Just reading over the $42 billion stimulus package, it’s interesting to look at it’s composition by program.
But even more interesting is to look at it in terms of its tax breaks and transfer payments vs its infrastructure and construction components as a whole.
As we can see, the stimulus is front loaded for the rest of this financial year and all of the next, before slowly tapering in 2010/2011 and fading out in 2011/2012.
But the entire package is clearly not a “one off sugar hit”. $14.4 billion for the remainder of this financial year followed by $15.9 billion for 2009/10, then a further $9.9 billion for 2010/11 before washing out to $1.5 billion in 2011/12 is anything but.
The tax credits and transfer payments make up the bulk of this years stimulus because it’s the easiest way to inject cash into the economy instantly, probably the only practical way to inject cash into the economy instantly – but from the start of next financial year, the infrastructure and construction spending kicks in to take over from the cash payments as economic stimulus.
To further highlight the silliness of the “one off sugar hit” claim, we need to remember that the money provided in the cash payments wont actually be spent all at once.
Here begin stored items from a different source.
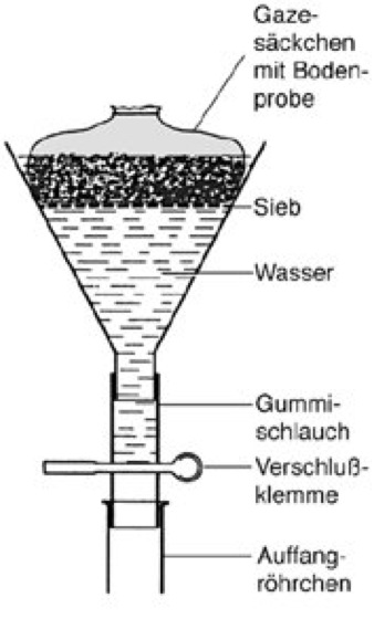 Baermann-Trichter, Gerät zum Austreiben von Bodenorganismen (wie Fadenwürmer und Enchytraeidae) aus Bodenproben. Das Probenmaterial wird in einem Gazesäckchen auf ein Sieb in einem wassergefüllten Trichter gelegt ( vgl. Abb. ). Bei Erwärmung der Bodenprobe verlassen die Tiere das Gazesäckchen und gelangen über das Sieb in den Wassertrichter, aus dem sie leicht abgelassen werden können. Berlese-Trichter.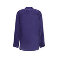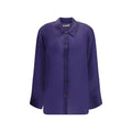 The Herschel Shirt by Khaite is a sleek and sophisticated piece designed for a modern, flowing look. Featuring a front button closure and classic collar, it has an asymmetrical hem and two side slits that enhance the design. The semi-transparent fabric lends lightness and a touch of sensuality, making this shirt a versatile and refined piece.
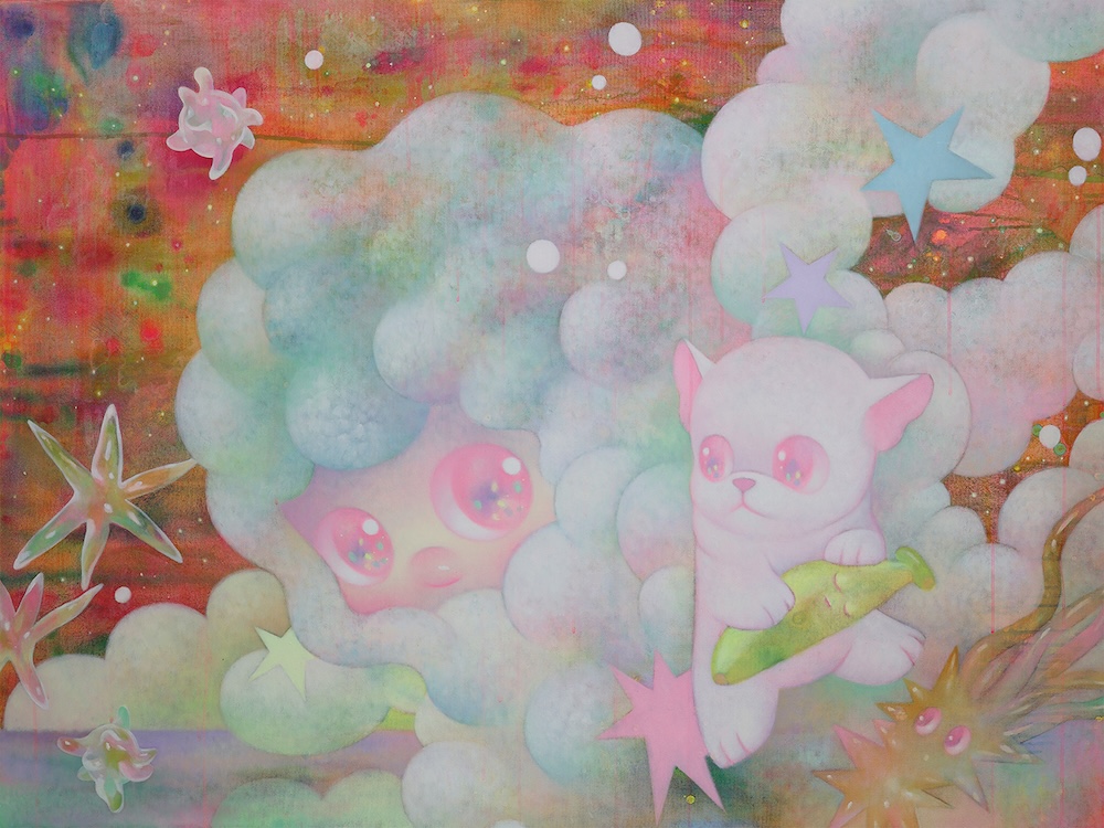 So Youn Lee’s latest solo exhibition at Hashimoto Contemporary, Anomaly, explores the journey of feeling different and finding belonging within circumstances that are themselves strange. Her main characters Choco and Mango navigate a world of anomalous creatures discovering themselves and their extraordinary surroundings, imagining a place where those deemed peculiar or offbeat naturally find a home. Before her solo exhibition opened at the Los Angeles gallery, the artist spoke with Katherine Hamilton about these characters’ developing narrative arcs, how a great loss inspired new changes in her artwork, and how she’s continuing to eschew stylistic labels.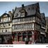 Das Haus zur goldenen Waage steht als dreistöckiges Fachwerkgebäude mit ornamentalen Holzdetails in der Markt 5.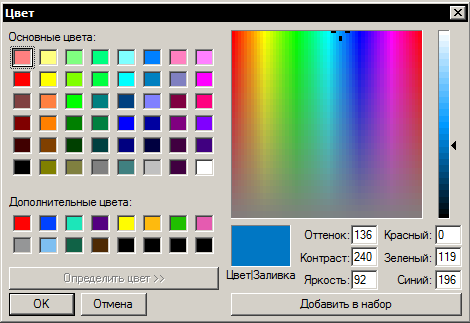 Цвет меняется в обычной палитре. Изменяем на нужные оттенки; первый сегмент - начальный цвет, то есть тот момент, когда дым только начинает свою жизнь; второй сегмент - цвет второй ступени, когда дым прожил срединную часть своего времени, то есть отлетел от источника; ну и третий сегмент - цвет перед его смертью, растворения или же затухания в среде обитания.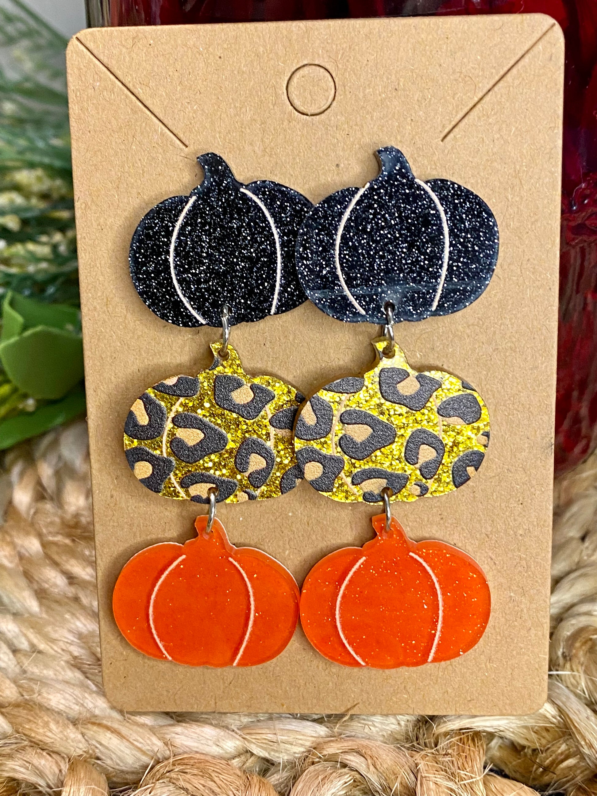 Fall Earrings - Glittery Pumpkin Stack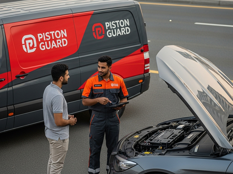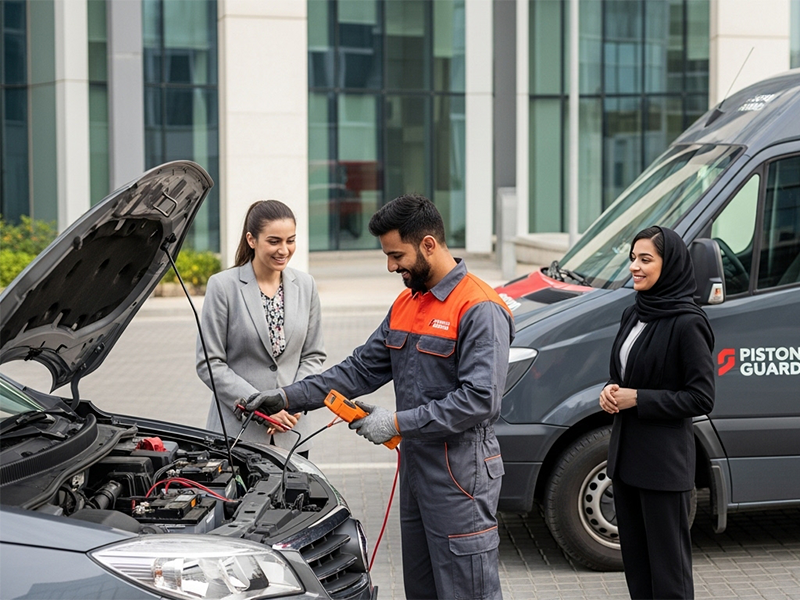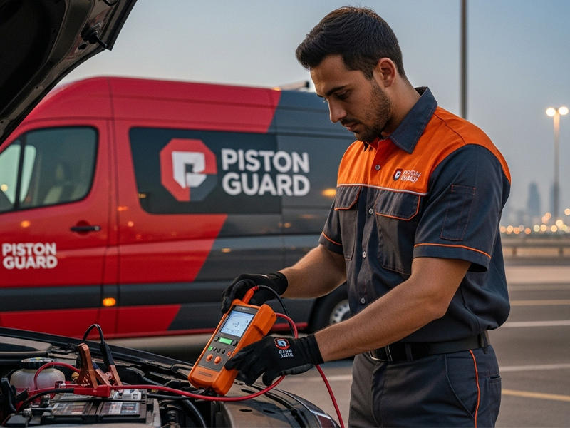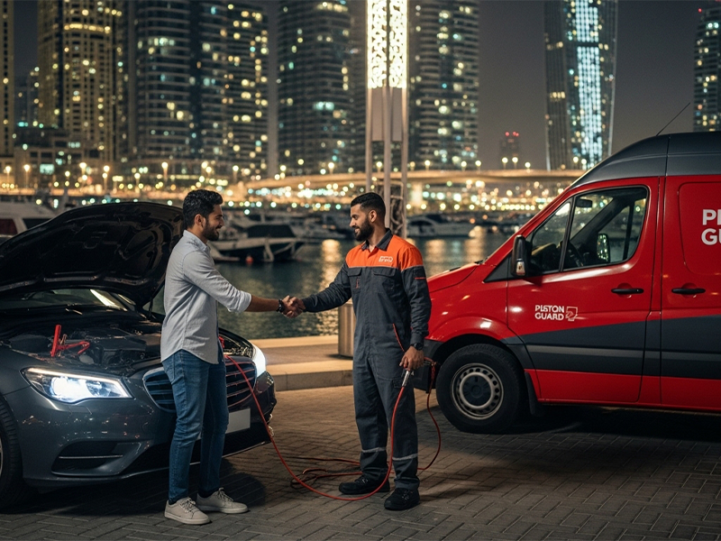 Stuck with a dead battery? Don’t stress. Piston Guard’s jump start service is available day and night across Dubai, Sharjah, Ajman, Abu Dhabi, and Ras Al Khaimah. Our expert technicians arrive in 30 minutes or less, safely boosting your car back to life without damaging your system.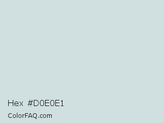 Hex #d0e0e1 Color is a very light cyan color and the nearest color is Geyser #d4dfe2. Hex code #d0e0e1 and RGB value is rgb(208,224,225). In RGB color space, this color is composed of 82% red, 88% green, 88% blue, In CMYK color space, this color is composed of 8% cyan, 0% magenta, 0% yellow , 12% black , In HSL color space, this color has a hue angle of 184° , 22% saturation and 85% lightness.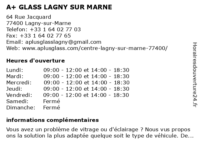 | Lundi | 09:00-12:00 et 14:00-18:30 |

Some of it will be spent upfront, some of it will be deferred to be spent later and some of it will be saved and used to retire debt (which then flows through to the banking system) – and every time that some of the cash payments are spent, that cash then churns through the economy where some of it will be spent again, and again, and again after that in ever decreasing increments as the cycle goes on.
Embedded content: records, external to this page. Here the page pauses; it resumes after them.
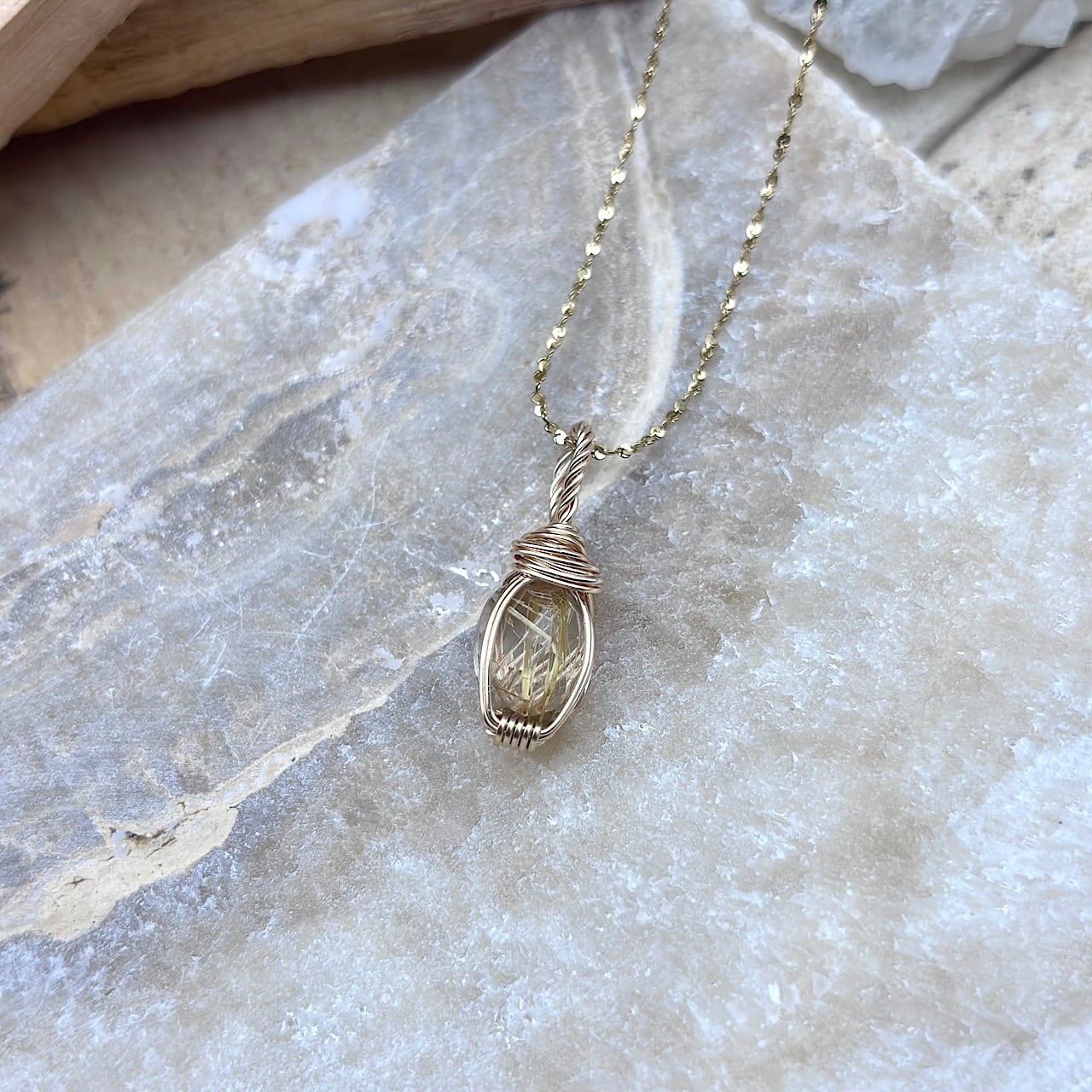 洗練された美しさが魅力的な一品です!ゴールドルチルの神秘的な煌めきが、あなたの首元を優雅に彩ります☆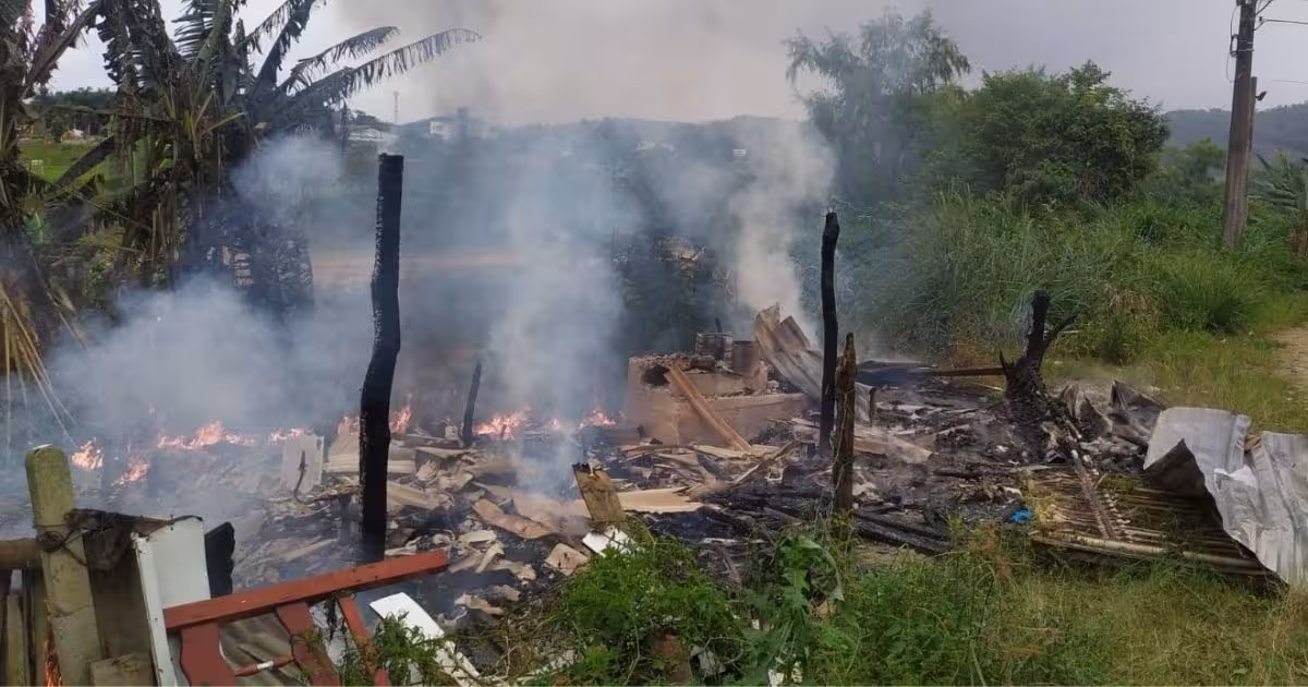 Rancho é destruído por incêndio no Bateas, em Brusque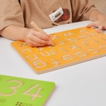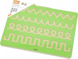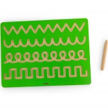 Deze compacte houten plaat is ontworpen voor een intuïtieve training van streken en richtingen die kinderen gebruiken bij tekenen en schrijven. Met de meegeleverde houten stylus trekt het kind zigzaglijnen, lussen en bogen over, waardoor de juiste pengreep en vloeiende bewegingen worden versterkt.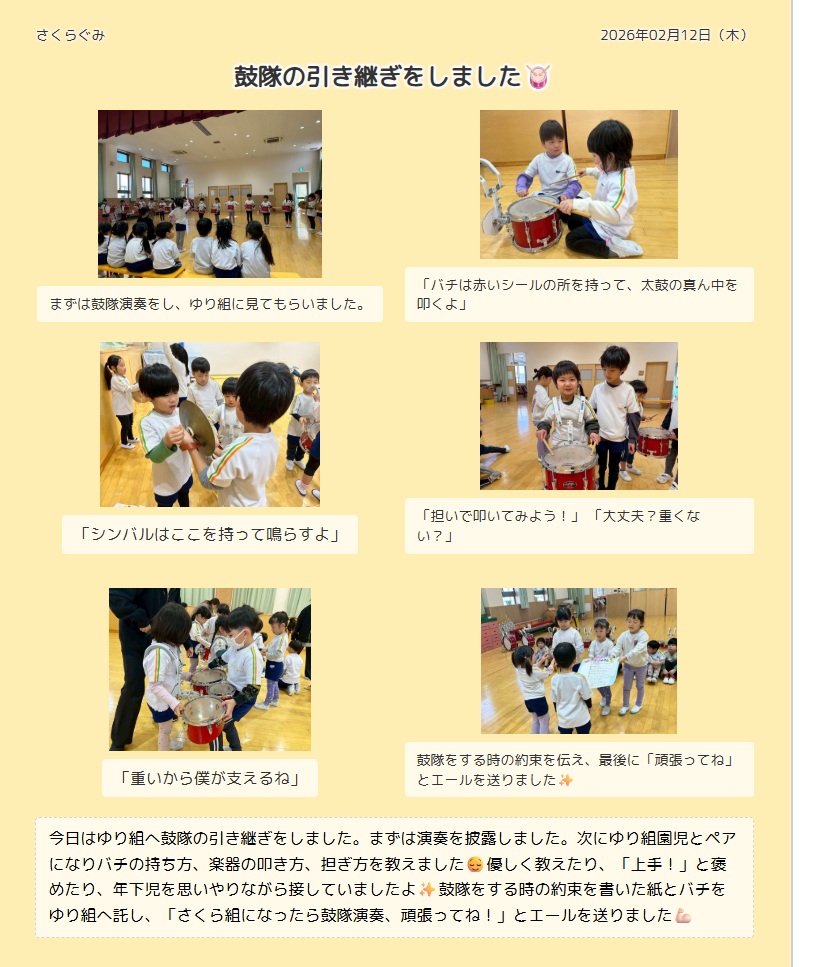 鼓隊の引継ぎ(さくら組からゆり組へ)

In terms of when the cash actually goes through the economy rather than when it leaves the government’s bank accounts, everything in the chart needs to be shifted partially to the right. Much of the cash payments that will be spent won’t actually be spent this financial year but next. Much of the payments given to school construction wont be spent in the year it’s provided by government, but in the following year as inputs like labour and materials are purchased once the projects are actually up and running.
All this stimulus then slowly churns through the economy again and again, in cycles of ever decreasing magnitude.
It’s only a “one off sugar hit” if you’re walking to the beat of a different dictionary.